In this example case the output files are quite small (~5 megabytes), but for typical datasets these files can be extremely large so you may want to delete the intermediate FASTQs if you're running your own data through this pipeline. Also, note that the output FASTQs are not gzipped - you could gzip these files if you planned on saving them long-term. In the meantime you can move the intermediate FASTQs to their own directory with these commands:

mkdir intermediate_fastqs
mv *_contam*fastq intermediate_fastqs
mv *unmatched*fastq intermediate_fastqs
cd ..

If you want to look at all of the steps that were run by kneaddata then you can take a look at the .log files in the kneaddata_out folder using the less command.

Processing forward and reverse reads

We have one last step before we are ready to begin generating taxonomic profiles! At this point we have reached a fork in the road where we have two options. The first option is to stitch our forward and reverse reads together while the second is to simply concatenate (combine) the forward and reverse reads into a single sequencing file.

Stitching reads

The process of stitching involves taking the forward read and combining it with the reverse complement of the reverse read based on where the reads would overlap in the middle.

This process can result in the majority of your reads being thrown out during the stitching process as many metagenomic reads will have little to no overlap. This is because in many cases during library preparation the DNA fragments are too large for the forward and reverse reads to completely traverse them. Remember that the forward and reverse reads only cover 100-150bp depending on platform and DNA fragments from many metagenomic library preps average in size between 300-500bp. This means there is not sufficient overlap to bring the forward and reverse reads together. As such I would suggest skipping this step to avoid losing a majority of reads.
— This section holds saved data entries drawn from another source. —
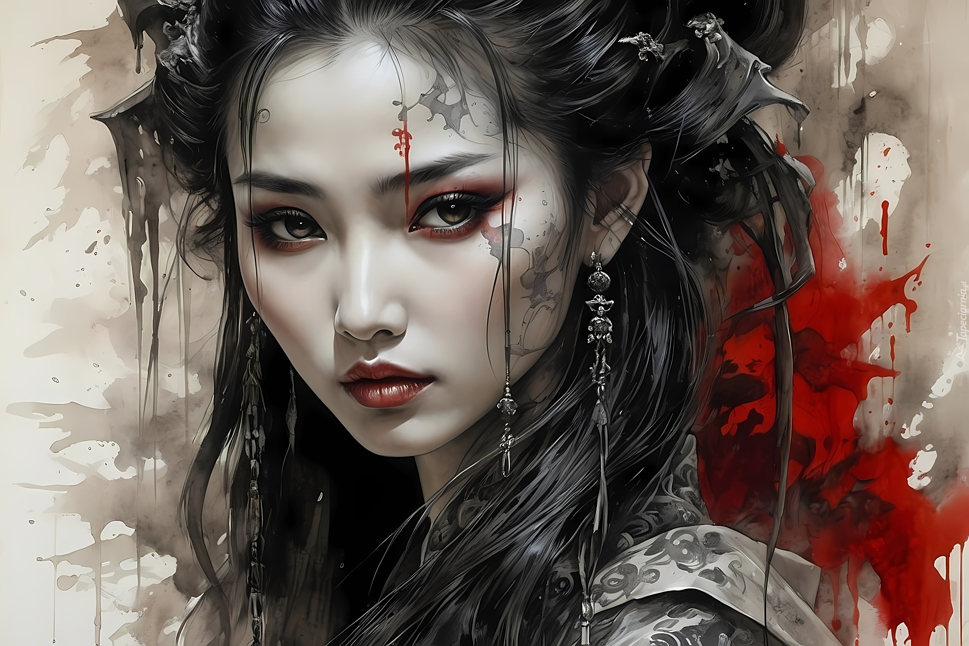 Edytor tapety: Spojrzenie ciemnowłosej Azjatki w grafice
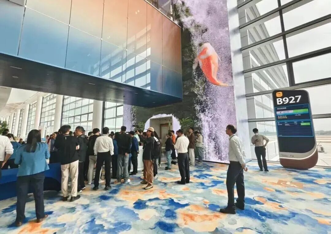 這塊屏幕像是一扇悄然打開的“未來之門”,透過充滿想象力的立體影像,將候機空間轉(zhuǎn)化為連接現(xiàn)實與數(shù)字、傳統(tǒng)與新潮的沉浸式界面。
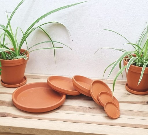 - naturalna podstawka do doniczek z gliny w klasycznym ceglanym kolorze
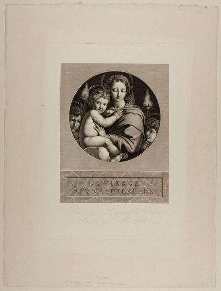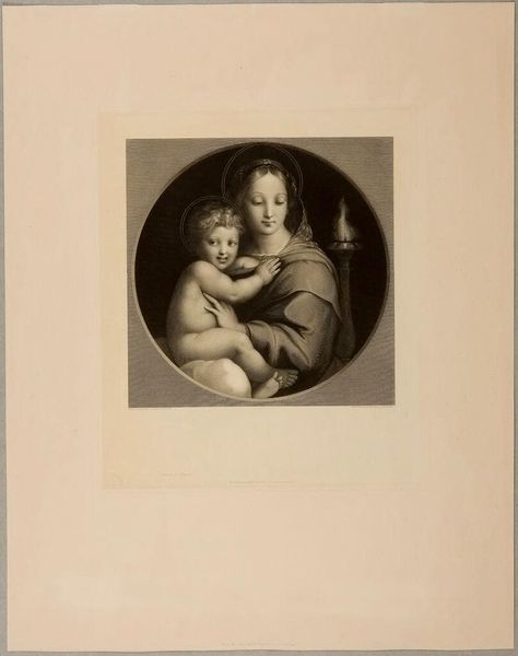 Curator: Up next we have "The Holy Virgin" by Jean Charles Flipart. Editor: It’s serene, almost melancholic. The Madonna seems burdened, despite holding the child. Curator: This print is based on a painting by Raphael, and it reflects the visual culture of 18th-century France, where images of the Madonna were common in both religious and secular settings. Flipart was known for his reproductive engravings. Editor: It makes you wonder about the role of the Madonna in that society—a symbol of purity but also perhaps of the constraints placed on women. What expectations did this image impose, and for whom? Curator: Exactly, prints like these circulated widely. They shaped and reinforced societal norms. Editor: It's a delicate balance: the artistry versus the messaging it carries. What does it mean to revisit such imagery today? Curator: Revisiting is vital. It allows us to unpack the historical context, dissect the power dynamics, and understand the lasting impact of these representations. Editor: Indeed. It's more than just a pretty picture; it's a window into a complex past.
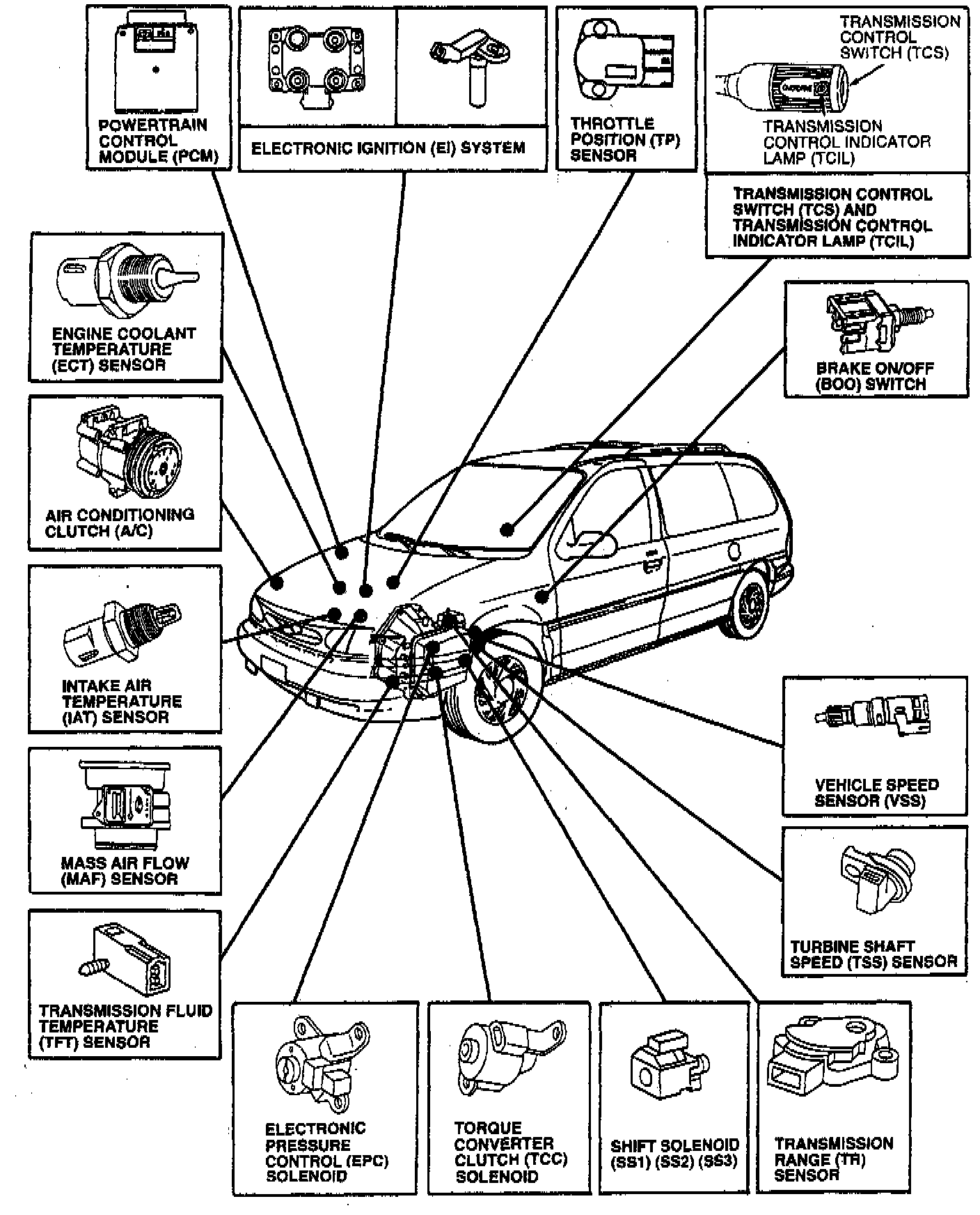 Some input signals come from the engine-related sensors, for example, Mass Air Flow (MAF) sensor and Engine Coolant Temperature (ECT) sensor to give the powertrain control module an idea of the load and climate under which the engine is operating. Some other inputs are based on driver inputs, such as accelerator pedal position which is related to the powertrain control module by the Throttle Position (TP) sensor. Still other inputs are provided by the transaxle itself, from sensors such as the Vehicle Speed Sensor (VSS), Transmission Range (TR) sensor (controlled by the placement of the transaxle range selector lever) and the transmission fluid temperature sensor.

If you would like to read more about how you might go about the stitching process using the program PEAR check out this page here.

Concatenating reads

Instead of dealing with the issue of stitching we will instead concatenate (combined) the forward and reverse reads into a single file. This is why its important during our filtering steps to only keep reads that both pairs passed all filtering parameters. If not we might end up with unaccounted for bias due to more forward reads being included in our concatenated reads than reverse.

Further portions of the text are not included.